然后,那一天,休伯利安医疗区,以及临近区域的所有人,都听到了一声惨绝人寰的惨叫,其声如泣如诉,荡气回肠,嘶如裂帛,哀若惊鸿,成功惊艳了休伯利安又一个本该平平无奇的清晨,并成为了后续数月每个人难以磨灭的一段回忆。
比较宽慰的是,在看到床边的白发少女露出扭曲表情的0.000000……1秒的时间里,训练有素的战士第一时间判断出了局势的严峻,手速如电的摁响了床头的呼叫铃,及时的拯救了休伯利安舰长副官岌岌可危的颈椎,让她不必在未来的几天带着颈托在众人面前写作强颜欢笑读作高强度社死的工作——
可喜可贺,可喜可贺。
【三】
在了解到自家女朋友的现状之后,琪亚娜·卡斯兰娜陷入了沉思。
此时,九点十五分,经过一阵兵荒马乱,她和符华,现在应该叫“华”,两人的位置竟完成了戏剧性的对调,坐在床边的少女——现在外表与灵魂达成统一的她的女朋友,略显局促的把双手放在膝上,因为不安而微微蜷起手指,乖巧得让她想起年少时因为过于沉迷上房揭瓦而被姬子,德丽莎,芽衣,符华……反正除了布洛妮娅(认输是不可能认输的,她绝对一辈子都不要跟这损友妥协,无论过去还是现在)的一干人等教训的自己。
唯一一点不同的是,这孩子是真的在反思,而那时的自己反思中还带着点“下次还敢”的“勇气”,颇有种被众人称之为“卡斯兰娜独有的自大”的自信。

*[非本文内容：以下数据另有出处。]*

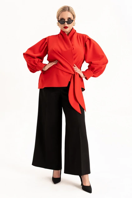 Элегантный женский костюм из ткани «марчано» стильный и универсальный наряд для различных мероприятий. Модель "двойка" сочетает в себе современные тенденции 2025-26 года с классическими акцентами. Подходит как для офиса, так и для особых случаев ( новый год, корпоративы, свадьбы или дни рождения) обеспечивая комфорт и уверенность в себе. Брюки с широкими штанинами палаццо выгодно подчеркивают женственные формы, а свободный крой обеспечивает удобство в любой ситуации. Этот костюм больших размеров идеально подойдет для прохладного времени года благодаря легкому материалу и возможности сохранить тепло. Текстура ткани добавляет изысканности и роскоши, делая образ особенно привлекательным на особых событиях. Благодаря универсальному дизайну, костюм можно успешно сочетать с различными элементами гардероба, создавая разнообразные стили от официального до повседневного. На брюках обработаны карманы в боковых швах, по талии пояс с застежкой на молнию и частично на резинке. Жакет с отрезной баской и воротником стойкой переходящей в борта. Застежка на потайную петлю и пуговицу и на завязки. Рукав длинный, втачной на манжете. По окату рукава обработаны складки. Доступен в различных размерах, в том числе и для женщин пышных форм, этот костюм позволит каждой леди подобрать идеальный вариант. Красный цвет костюма подчеркнут вашу индивидуальность и хороший вкус. Независимо от того, выберите ли вы его для офиса или вечера, этот костюм станет верным спутником в создании вашего стильного образа. Длина рукава (см): 62 Длина брюк (см): 106 Длина блузы (см): 67

布洛妮娅手指在手机屏幕上划了划,抬眼嫌弃的看了眼生无可恋的好友,连语气都透露出一种“我不想认识你”的冷漠:“卡斯兰娜副官,今天的工作帮你分配下去了。”
琪亚娜摆出一副公事公办的冷漠脸:“我明白了,辛苦你了,扎伊切克小姐。”
布洛妮娅嗤笑一声,转头看向因为她两的机锋而更加不知所措的少女,表情跟变脸似的如沐春风,俨然一副大姐姐的模样:“华……小姐是吗?我可以这么称呼你吗?”
华唰得一下站起来,脊背挺得笔直:“是,是的,你可以这么叫我,扎伊切克女士。”
“放轻松,叫我布洛妮娅就行了,”做过代理队长,又是个游戏制作人,开过几次发布会,应付过因为她的传奇生涯而问题刁钻的记者的布洛妮娅对紧张的小孩儿有充足的应对余裕,她友好的笑着,声音轻柔,“毕竟,‘未来’的你,可是我们不可或缺的挚友。”
可显然青春版的符华还未经受过成千上万年时间的锤炼,以至于在社交方面彻底摆烂,成为油盐不进的独行侠,这个目测是刚刚进入逐火之蛾不久的少女闻言只是习惯性的低下头不去直视面前人的双眼,低低应了一声。
琪亚娜和布洛妮娅对视一眼,在对方眼中看到了无奈和心疼,布洛妮娅叹了口气,毫无负担的决定把问题丢给这对小情侣自己解决,在卡斯兰娜的死亡瞪视之下愉快告别并潇洒的挥了挥手,溜之大吉。
布洛妮娅走后,房间里落针可闻,尴尬的沉默弥漫在空气中,琪亚娜恍惚间觉得自己不只是扭到了脖子,还顺带劈叉了气管,窒息感充斥着感官,在单方面的大眼瞪小眼——华始终没抬起眼来——长达两分钟之后,琪亚娜决定开口:
“坐,随便坐!”
“……”
“……”
华坐下了。
琪亚娜,琪亚娜眼神死了。
【四】
“噗……”
琪亚娜眨了眨眼,看向用手掩着嘴唇的少女,察觉到她的视线,少女抿了抿唇,又唰的一下站了起来,声音磕磕绊绊的道歉:“对、对不起,我不是故意要笑你的……”
琪亚娜又眨了眨眼,咧着嘴笑得开心,她有些新奇的看着华,在自己女朋友的年少版面前社死数次的黑历史被她团吧团吧扔到了记忆深处封印起来,只余下好奇和“我的女朋友好可爱,好想抱抱她”的念头。
她回忆了一下曾在神城医药的资料库里见到的零星关于这个时代的华的资料,还有自己在穿越量子之海突破符华自我封印的时候窥见的那模糊不清的记忆,以及曾在往世乐土逛了一圈的芽衣的口述,发现除了芽衣的一句“很安静,很沉稳,存在感不高,有些妄自菲薄”的评价之外,找不到任何适宜拉近距离,除了那些沉重的过往以外的话题。
欲言又止了半天,指望不上华主动开口,琪亚娜只好捡些无伤大雅的话题来开头:“感觉怎么样?”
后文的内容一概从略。